Bradley looked at the dark, congealing pool of brown goo in the dish. “Dad, what are you going to do with that?”

“I'm going to eat it,” replied Harry.

“Oh, Dad, please, don't tell me you're going to put that on your burger!” begged Bradley as he swallowed hard at the thought of the taste.

“Are you nuts or something? Of course I'm not going to put it on the burger. Jeez.”

Bradley relaxed. “Thank God. For a minute there I thought—”

“I'm going to put it on the wings.” And he poured the viscous brown liquid over the wings and dribbled a little more on the fries that lay beneath.

“Yuck!” cried Bradley, averting his eyes. “Dad, what's the matter with you? You can't eat that.”

And then he watched as Harry devoured first one wing and then two, sucking the chocolate and the crisp skin and pale fat-soaked meat of the chicken into his mouth all at the same time.

Bradley grimaced. On top of everything else he now had to cope with the fact that his father was obviously a very sick man. So not only did he need to find a mother for his son, he also had to find a doctor for his father.

Harry wiped a smear of the chocolate sauce from the corners of his mouth and then picked up the burger and took a big bite, chewed, swallowed, had a mouthful of beer and then attacked the chicken fingers, which he dipped one by one in the contents of the cow.

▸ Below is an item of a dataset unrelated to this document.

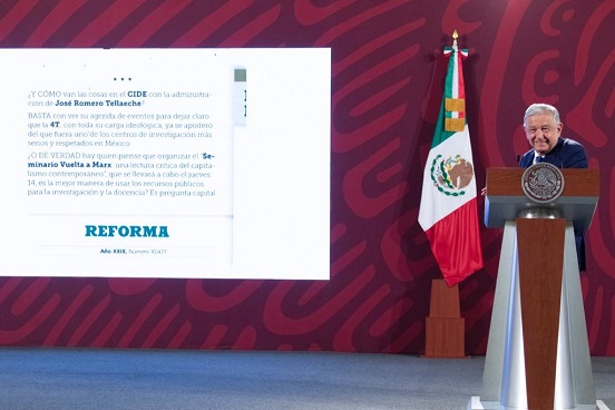 El mandatario leyó una parte de la columna Templo Mayor del diario Reforma en la que se reprueba un seminario sobre el filósofo Carlos Marx y se asegura que es una muestra de que el gobierno federal ya se “apoderó” del centro de estudios, contra el que el presidente ya se ha lanzado en diferentes ocasiones.
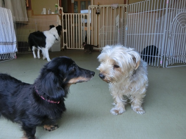 シニアダックスさんとお若いヨーキーくんのスローな会話。和みます。

Bradley, whose stomach had begun to squirm, reached out a hand to stop him. “Dad, wait!”

Harry looked up but kept chewing.

“Is there something wrong, Dad? Are you sick? Is it terminal?” Bradley's voice was full of fear and concern. He didn't think he could face gaining a son and losing a father in the matter of a few weeks.

Harry swallowed his food. “Sick? What's wrong with you? Of course I'm not sick. Do I
look
sick?” And he picked up his burger again.

“But, Dad, this food. The chocolate syrup. You can't be eating this stuff because you
enjoy
it. It must be some sort of metabolic imbalance. Maybe one of those weird digestive diseases … or maybe it's psychological. You know, a delayed reaction to the divorce.”

Harry washed down the burger with another slug of beer. “I'm eating this because it tastes good, not because there's anything wrong with me.” He thought maybe now was a good time to bring up his own little piece of news. “Has your mother been saying anything to you about what happened to me when she was pregnant with you?”

The sudden change of topic put Bradley even more off balance than the food did.

“Look son, there's something I wanted to tell you today.” Then he stopped. He wasn't sure just how to put it into words. He cleared his throat. “When your mother was having you she got these cravings, you know. She wanted pickles all the time. And then after a while I wanted pickles too. Of course I've always liked pickles, but your mother and her doctor thought that the reason I wanted them
now
was because your mother was pregnant. Do you understand?” He looked into his son's eyes to see if the penny had dropped. But it was still up in the air, so he continued. “What I'm trying to say is that some men get like that when their wives are pregnant.”